O "habilidoso" é, por via de regra, um excelente vendedor, daqueles que vendem frigoríficos a esquimós. "Adquirem" talentos com a mesma facilidade com que compram um jornal. Um "site" bonitinho (de borla) e muito "patuá" são o suficiente para "abrirem a loja" depois de saírem dos empregos que lhes garantem o sustento. E sabem usar o factor preço, como um farol a atrair mosquitos numa noite de verão.
Os preços que praticam são sempre muito flexiveis e totalmente adaptáveis à carteira do cliente. O que é preciso é "sacar" algum!
O equipamento que usam é mesmo mauzinho (estou a ser simpático!)?
Não faz mal... o cliente não percebe nada e só se impressiona com os "milhares" de watts que as colunas debitam (a 2 ohms de impedância!) e nem acham estranho que a música esteja toda no computador portátil ou numa Pen.
CD's originais ou os recibos da compra dos mp3, nem vê-los.
Alguns até afirmam estar isentos de pagar (e de cobrar) impostos, por estarem registados como associações sem fins lucrativos!
O que lhes falta em talento, sobra-lhes em imaginação.
O que é mesmo grave, é que a maioria dos noivos reserva sempre uma verba ínfima para a animação e, mesmo assim, ainda sonham com música ao vivo na cerimónia, saxofonista nos aperitivos, ilusionista durante o jantar e DJ sem limites de horário para fazer a festa... por 300,00 euros (ou menos!).

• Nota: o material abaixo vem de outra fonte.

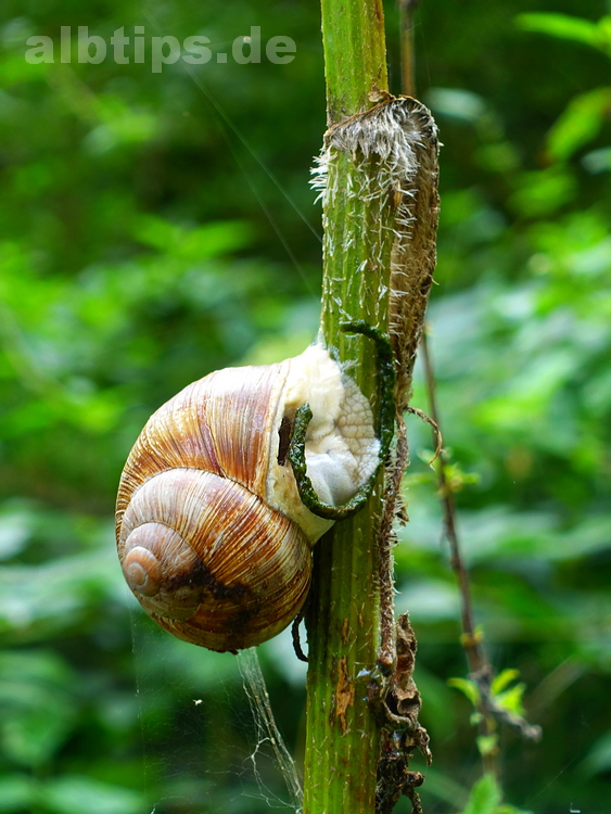 Man kommt so zur Kirche St. Blasius (6), bei deren Sockel man Stubensandstein verbaut hat. In der Kirche selbst gibt es Stufen, in denen man Fossilien erkennen kann.

É caso para dizer: tirem-me deste filme!
Ninguém compra um leitão, se só tem dinheiro para um frango!
Há que ser realista!
Se não existissem os habilidosos, para quem "euro ganho" é "euro de lucro", a convencer os potenciais clientes de que 200 ou 300 euros bastam para "montar o circo" e que quem cobra mais do que isso anda a roubar, ou quer ganhar num dia o que a maioria do povo não ganha num mês (este é o "argumento" mais recorrente), acabavam-se os "saldos" e os "outlets" da animação e as animações "oferecidas" pelas quintas.
A única forma de extinguir os "habilidosos" e "carochinhas" é através da união dos verdadeiros profissionais, por via de uma associação que tarde em surgir.
Os MOBILE DJ's portugueses precisam de estar unidos, para juntos erradicarem os "habilidosos digitais", vendedores de gelo no pólo norte!